October 14, 2009

Effective Substitue for the Public Option (& Slowing Medical Inflation)

Congress faces a political quandary: how to make health insurance work better yet still be affordable, without raising taxes for subsidies too sharply.

Senator Olympia Snowe is focused on a couple of the most crucial aspects of reform -- general cost inflation and whether middle class families will be able to afford to their health insurance premiums in 2014 or 2016.

At the moment, Senators Baucus, Reid, and Snowe have great influence on what form reform will take, as they work to blend the two Senate committee bills.

Senator Baucus says a Public Option (which would help control costs) is not going to get 60 votes in the Senate, and Senator Snowe only proposes a "trigger" where a Public Option would come into effect in an individual state only after competition in the state is shown to be inadequate.

Does the idea of a trigger sound effective? It would be amazing for an effective trigger to emerge in the legislative details. But if the triggered public plans are limited to individuals states, the resulting public plans would often be relatively small in size and thus lose ability to control costs well.

I think the best proposal is to set up a nation-wide public option plan, and then allow individual states to opt in and opt out, as they like. This way, states where sentiment dislikes the idea of a public option (if there are any states where a majority does in fact feel that way) could opt out of the national public option. Later, if the voters of the state feel a public plan option is better, they can elect different state representatives and opt into the national public plan.
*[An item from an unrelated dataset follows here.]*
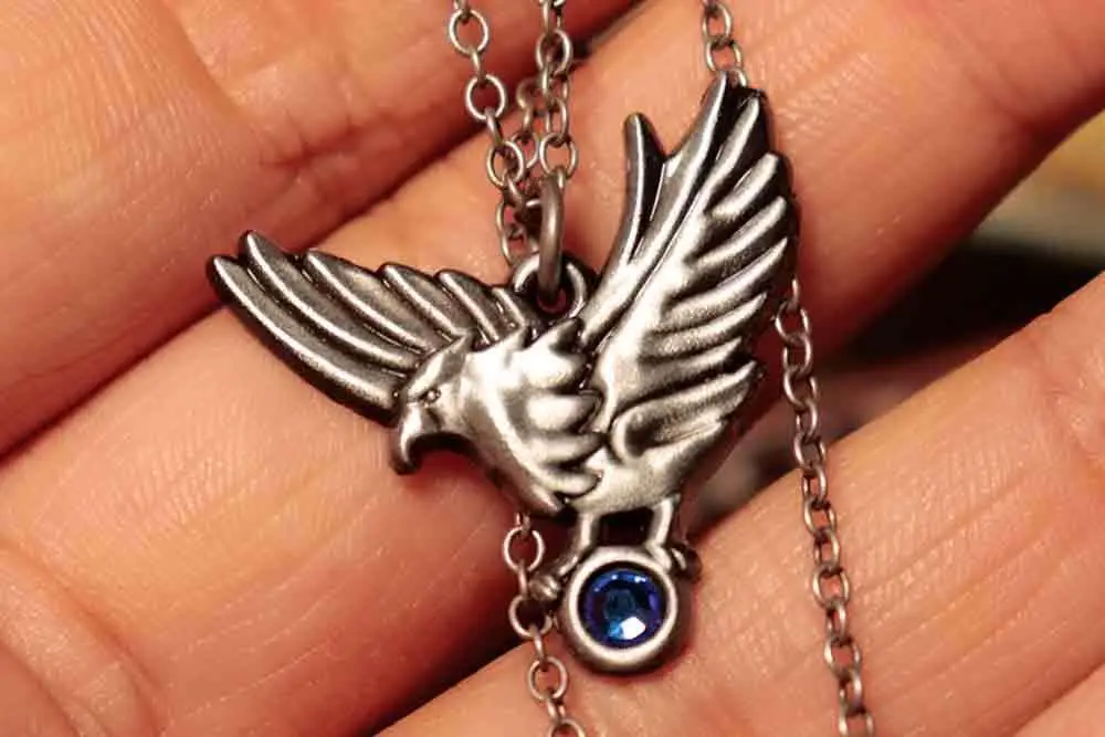 Questa inconfondibile collana con aquila è stata indossata da Ashley Graham, figlia del Presidente Graham, che è stata rapita. Con dettagli elaborati, questa collana di metallo presenta anche un piccolo gioiello blu portato dall’uccello.

But...in case none of these variations on a public plan are chosen, there is another way to control costs quickly (within a year of implementation) that Congress should use in the absence of any public option plan.

Supporters of a Public Option should think about "medical loss ratio" regulation as a very good alternative strategy.

The medical loss ratio (or "health benefit ratio") is the portion of total revenues from health insurance premiums that an insurer pays out for health care claims. The average in the U.S. is about 80% now. It was well above 90% in the 1990s.

A strong regulation of the medical loss ratio would be as good as a strong national public option in its immediate effect on costs.

New regulation of medical loss ratios is already in the proposed reform, but hasn't been in the spotlight, and so lobbyists have kept this provision weaker than it should be.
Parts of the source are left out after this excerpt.